Mucking Diving Heaven

Written by Lynn

Indonesia is made up of over 17,000 islands and stretches almost 5000 kilometres from one tip of the archiepeligo to the other. In total Indonesia has over 80,000 kilometres of coast line, which is equal to about 1/3 of the world's circumference. Off the coasts of the Indonesian islands the warm waters of the Pacific and Indian Ocean converge, creating a vast melting pot of marine life feeding on the nutrients carried in by these warm waters. In the seas surrounding the islands, over 1220 species of fish and a staggering 600 species of coral (there are only 400 types found in the enormous Great Barrier Reef) thrive, making this section of the Western Pacific the richest marine habitat on earth.

I decided to go up to Manado in Northern Sulawesi to go diving on the advice of some avid divers I met at the Canadian Embassy in Jakarta. This area is home to the world reknowned Bunaken Marine Park as well as the fairly recently discovered, and much lauded, Lembeh Straits. There are over 120 dive sites in this area, including 40 wreck dives, the majority of them less than 30 minutes from shore.

Bunaken is best known for its unbelievable wall diving. These steep, pristine coral walls start less than 3 feet below the surface and plummet down for up to 150 feet, covered with a huge variety of coral and inhabited by countless species of marine life. The bulk to Colin's right (my dive partner for the week) is the coral wall, and the spots to his left are just a fraction of the fish you can see. You slide out of the boat and descend and can spend an hour just going up and down over a small area peering into crevasses and under bits of coral. There are literally millions of animals to be seen here, and you would have to be blind to not appreciate the unparalelled beauty of these reefs.

Lembeh, on the other hand, has been dubbed the muck diving capital of the world. Lembeh Straits are found right by the very active port of the city, Bitung, in Kungkunan Bay. The port itself is full of boats with oily deisel films floating on the water around them and people randomly throwing garbage into the bay. Doesn't sound very attractive I know. It is true that muck diving involves slowly swimming over black, apparently lifeless sand, with your head pointed downwards and you legs way up above you (an ass over tea kettle type position). This is an attempt to keep your fins from touching the bottom and stirring up silt which obstructs your view. Your nose in about 6 inches from the bottom, and your eyes are tired from the strain of staring and not blinking enough.
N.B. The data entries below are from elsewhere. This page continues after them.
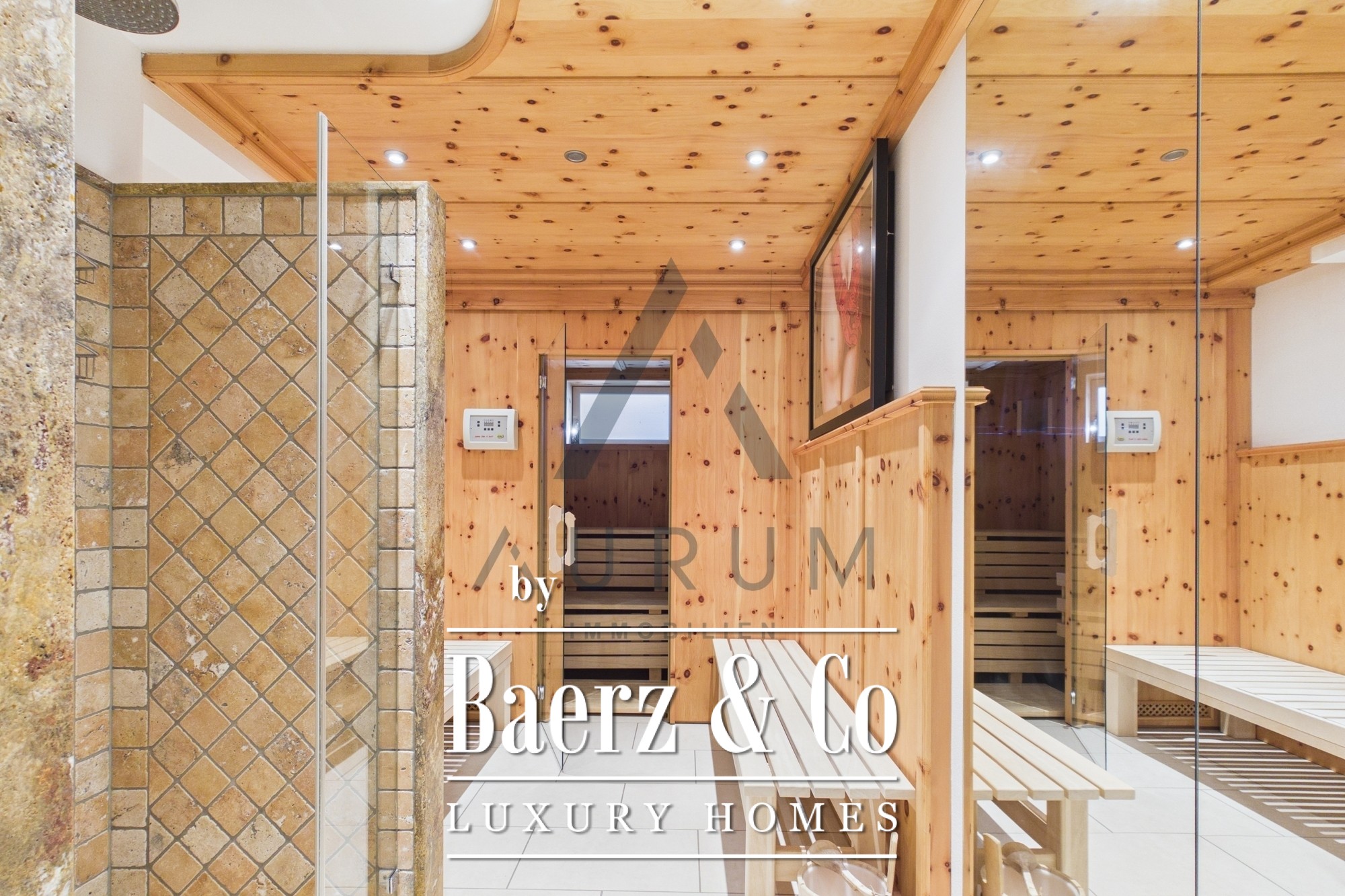 De indeling biedt een evenwicht tussen privacy en openheid. De master suite beschikt over een inloopkast en een badkamer afgewerkt met travertin, waardoor een privé toevluchtsoord ontstaat. Twee extra slaapkamers, elk met toegang tot een terras of tuin, delen een tweede badkamer op de benedenverdieping. Wellness is hier vanzelfsprekend, met een sauna op de begane grond, een aparte douche en een ontspanningsruimte.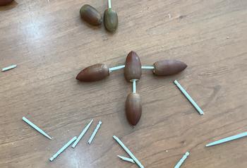 どんぐりに穴を開けたり、竹串や爪楊枝を通したり、ボンドでとめたりして、完成させました。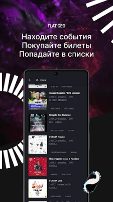 FLAT.AUDIO হল একটি অনন্য ইলেকট্রনিক সঙ্গীত প্ল্যাটফর্ম। এখানে ডিপ, টেকনো, হাউস সহ বিভিন্ন ঘরানার সঙ্গীত উপভোগ করুন। অনলাইন ও অফলাইনে গান শোনা, ম্যাপে পার্টি খোঁজা, পছন্দের শিল্পীদের অনুসরণ করা এবং ইভেন্টের টিকিট কেনার সুবিধা পান। আপনার নিজস্ব সঙ্গীত লাইব্রেরি তৈরি করুন।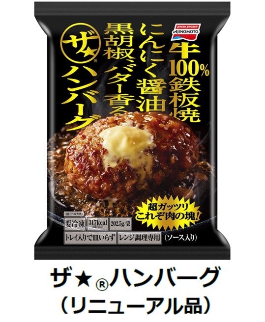 「ザ★®ハンバーグ」は、牛100%・鉄板焼き仕上げで、肉のうま味を堪能でき、にんにく醤油、黒胡椒、バター香るソースが絶妙にからむ、白飯が猛烈に進むハンバーグです。食べ応えやおいしさはそのままで、肉の配合を変更することで、より肉汁を感じるジューシーなハンバーグにリニューアルしました。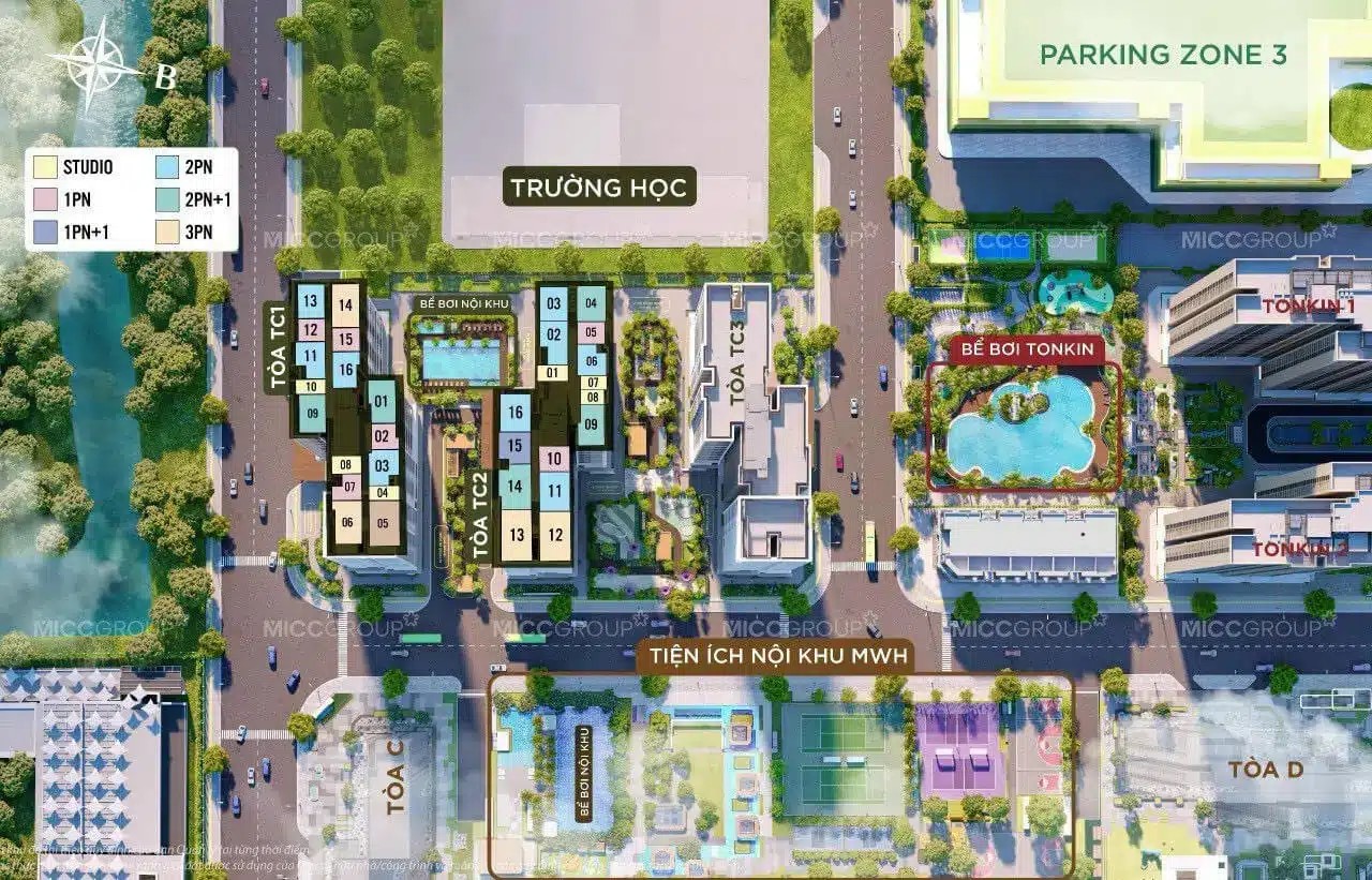 • Hướng Tây Bắc: Tiếp giáp với tiện ích nội khu của phân khu The Tonkin

Occasionally you'll see a plastic bag, or peice of shoe leather bob by, and the floor of the ocean has half buried coke bottles and juice containers all over the place. Really makes you wonder why there is such a hue and cry about this place. Believe me, I wondered when I first got in. But if you move really slowly, and really pay attention, what you find is an underwater Lilliput.

Lembeh Strait is the Holy Grail for underwater macro photographers and marine biologists. It seems to be the drop off spot for all the strange and ugly under water denizens that the gods just didn't want to put in the beautiful coral reefs for fear of spoiling the ambience. New species are being discovered here all the time. Now I'm a fairly inexperienced diver, so just getting underwater and seeing something as common as a sea anemone with its protective herd clown fishes (these little buggers will actually take a run at you and nip you on the finger if you are so foolish as to put one out there) is pretty cool to me. Lembeh Straits tends to draw in the really experienced divers who have become blase about the oh-so-easy to see parrot fishes and groupers that occupy most tropical reefs. Here, on the other hand, you get to see species most divers will only get a glimpse of in glossy diving magazines, as one new and exotic creature after another casually swims by you. We saw, in the 3 dives I was there, multiple frog fish (hairy little creatures that walk along the bottom rather than swim), mothfish (that look like birds flying through the water), pygmy seahorses (about the size of my baby fingernail), ghost pipefishes, nudibranches by the dozens (like technicolour sea slugs), decorator crabs, mimic octopuses and many, many fish I can't begin to describe as I have no idea what they were. It is a veritable critter safari that was probably a little wasted me as I had no idea how lucky I was to see these animals. That is, until we got out of the water and the other people on the boat started to RAVE about all the things we saw. The other three divers had a lot more experience than me, being rated as dive masters, two levels above my lowly open water PADI licence. The vast variety of marine life, combined with the shallow waters leads to very long dives (we had one that was almost 78 minutes, which is an incredibly long time to be under) and is well worth the trip.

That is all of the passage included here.